Once in a while I like to explore some less-known datasets. Let’s have a look at this dataset on glass identification.
Domain knowledge and original publication
The dataset originates from work by Evett and Spiehler [1]. The goal of the paper was to introduce a decision framework to decide what kind of glass was found at a crime scene or on clothes. Unfortunately, there exist no reference metrics in the original paper.
Dataset exploration
Let’s have a look at the dataset:
import time
import numpy as np
import matplotlib.pyplot as plt
import pandas as pd
input_file_path = "./data/glass.data"
input_header = ["Id", "RI", "Na", "Mg", "Al", "Si", "K", "Ca", "Ba", "Fe", "type"]
input_data = pd.read_csv(input_file_path,
names=input_header)
input_data.drop(["Id"], axis=1, inplace=True)

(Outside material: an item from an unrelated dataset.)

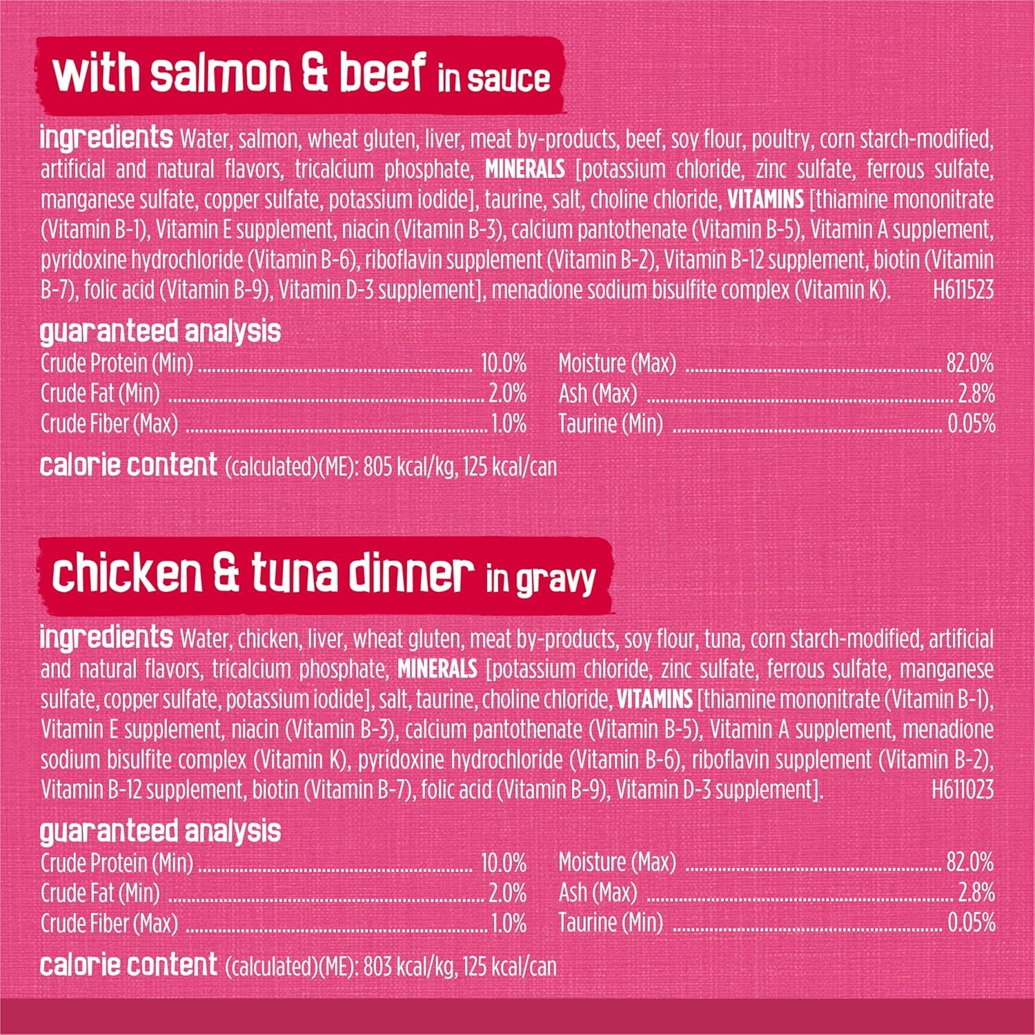 Canned cat food variety pack formulated to meet or exceed industry standards for cat food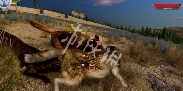 2、在中间山上的狼领地里找,但记住先在三个领地里都跑一遍,每个领地至少遇一条野狼(进入领地,按“V”键进入嗅觉模式,顺着黄色的亮点可以找到野狼)。

display(input_data.head(2))
display(input_data.tail(2))
input_data.describe()
RI | Na | Mg | Al | Si | K | Ca | Ba | Fe | type | |
---|---|---|---|---|---|---|---|---|---|---|
0 | 1.52101 | 13.64 | 4.49 | 1.10 | 71.78 | 0.06 | 8.75 | 0.0 | 0.0 | 1 |
1 | 1.51761 | 13.89 | 3.60 | 1.36 | 72.73 | 0.48 | 7.83 | 0.0 | 0.0 | 1 |
RI | Na | Mg | Al | Si | K | Ca | Ba | Fe | type | |
---|---|---|---|---|---|---|---|---|---|---|
212 | 1.51651 | 14.38 | 0.0 | 1.94 | 73.61 | 0.0 | 8.48 | 1.57 | 0.0 | 7 |
213 | 1.51711 | 14.23 | 0.0 | 2.08 | 73.36 | 0.0 | 8.62 | 1.67 | 0.0 | 7 |
RI | Na | Mg | Al | Si | K | Ca | Ba | Fe | type | |
---|---|---|---|---|---|---|---|---|---|---|
count | 214.000000 | 214.000000 | 214.000000 | 214.000000 | 214.000000 | 214.000000 | 214.000000 | 214.000000 | 214.000000 | 214.000000 |
mean | 1.518365 | 13.407850 | 2.684533 | 1.444907 | 72.650935 | 0.497056 | 8.956963 | 0.175047 | 0.057009 | 2.780374 |
std | 0.003037 | 0.816604 | 1.442408 | 0.499270 | 0.774546 | 0.652192 | 1.423153 | 0.497219 | 0.097439 | 2.103739 |
min | 1.511150 | 10.730000 | 0.000000 | 0.290000 | 69.810000 | 0.000000 | 5.430000 | 0.000000 | 0.000000 | 1.000000 |
25% | 1.516523 | 12.907500 | 2.115000 | 1.190000 | 72.280000 | 0.122500 | 8.240000 | 0.000000 | 0.000000 | 1.000000 |
50% | 1.517680 | 13.300000 | 3.480000 | 1.360000 | 72.790000 | 0.555000 | 8.600000 | 0.000000 | 0.000000 | 2.000000 |
75% | 1.519157 | 13.825000 | 3.600000 | 1.630000 | 73.087500 | 0.610000 | 9.172500 | 0.000000 | 0.100000 | 3.000000 |
max | 1.533930 | 17.380000 | 4.490000 | 3.500000 | 75.410000 | 6.210000 | 16.190000 | 3.150000 | 0.510000 | 7.000000 |
plt.close('all')
plt.figure(figsize=(7,(input_data.shape[-1] // 2) * 3))
idx = 1
for col in input_data:
plt.subplot((input_data.shape[-1] // 2),2, idx)
idx += 1
plt.boxplot(input_data[col], meanline=False, notch=True, labels=[''])
plt.title(col)
plt.tight_layout()
plt.show()
Since each varibale has a different scale and we want to increase convergence, it is time to scale them to [0,1]:
from sklearn.preprocessing import MaxAbsScaler
y_df = input_data["type"].copy()
X_df = input_data.copy()
X_df.drop(["type"], axis=1, inplace=True)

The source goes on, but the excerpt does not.